Now that it has lured them in, Citigroup is ready for its credit card borrowers to turbocharge its bottom line.
Citi spent years reeling in customers with promotional rates as low as 0%. Many of those rates have expired or soon will. Thus, many customers will now start paying interest on their credit card balances and become more profitable for the bank.
With commercial loan growth sluggish, mortgage banking revenue constrained by higher interest rates and stock market investors worried about the economy’s direction, Citigroup and other banks will need to rely on U.S. consumers’ thirst for debt to accelerate profit growth.
“Promotional rate loans decline, new balances grow, and that's what's driving” the bank’s projection of continued growth in card revenue, Chief Financial Officer John Gerspach said during a Friday conference call to discuss earnings.
Citi has spent the last few years meticulously crafting its credit card portfolios for this moment. Citi and its rivals showered consumers with myriad rewards and promotional rates to build market share. More recently, Citi has pared down the number of cardholders with 0% rates.
Those consumers can go one of two directions, Gerspach said. Some have left Citi by transferring balances to other banks offering low or 0% promo rates. But a significant number have stayed with Citi and agreed to pay higher rates on their balances. That is evident in the quarterly comparison on revenue from branded cards in the U.S.; that figure rose 2% from the second quarter to the third quarter to $2.1 billion.
“You're hoping that those clients, once they're finished with the promotional period, will like the value proposition that they see based on the card that they've taken and then stick with you and convert to a full-rate revolving loan,” Gerspach said. “That’s exactly what we’re seeing.”
It has been a long time coming, but it seems like Citi has set the stage for meaningful profit growth from cards next year, said Lisa Kwasnowski, an analyst at DBRS. That is more important for Citi than other large banks, she said.
“This is something we’ve been waiting for quarter after quarter,” Kwasnowski said. “It should be a revenue tailwind to Citi. [Cards are] a big portion of their consumer business, much bigger than their peers.”
Citi executives were especially cheered by the turnaround in total net interest revenue for its branded cards in North America. It was $1.9 billion in the third quarter, up 3.4% from the same period last year and 6% since the second quarter. Net interest revenue is the difference between a bank's interest and fee income and its cost of funds.
Purchase sales for branded cards in the U.S. rose 11% to $87 billion. Citi’s branded card business includes cards it issues for Costco, American Airlines and others. (All figures for branded cards exclude results from the Hilton card portfolio that Citi sold in the first quarter to American Express.)

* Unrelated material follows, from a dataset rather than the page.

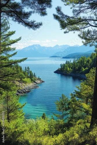 lake, mountain, forest, pine, water, vista, peak, tree, sky, nature, landscape, view, serene, tranquil, blue, green, distant, clear, scenic, summer, wilderness, shore, coastline, rocky, island, foliage, sunlight, horizon, travel, vacation, tour tourism, environment, natural, beauty, calm, peaceful, quiet, fresh, bright, idylli, picturesque, panorama, scenery, evergreen, turquoise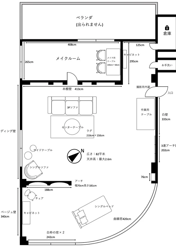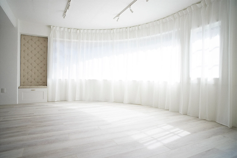 黒窓枠のスペースは壁が幅6mのカーブ状になっており、大きな窓からの自然光を活かした撮影がお楽しみいただけます。

Due to the large shift of its portfolio out of promo rates to interest-earning rates, Citi expects that it will post full-year revenue growth in branded cards for 2019, Gerspach said. However, he did not say how large that growth would be. Revenue from branded cards in the U.S. fell 3% in the third quarter to $2.1 billion.
“We feel really good about the prospects of U.S. branded cards,” Gerspach said.
To be certain, with so many customers now paying interest-generating card balances, credit quality could start to erode. However, net credit losses for credit cards have remained at around 3% this year, which is an acceptable range, Gerspach said.
“We might have a slight increase in delinquencies, but we are still very confident” with credit quality staying manageable, he said.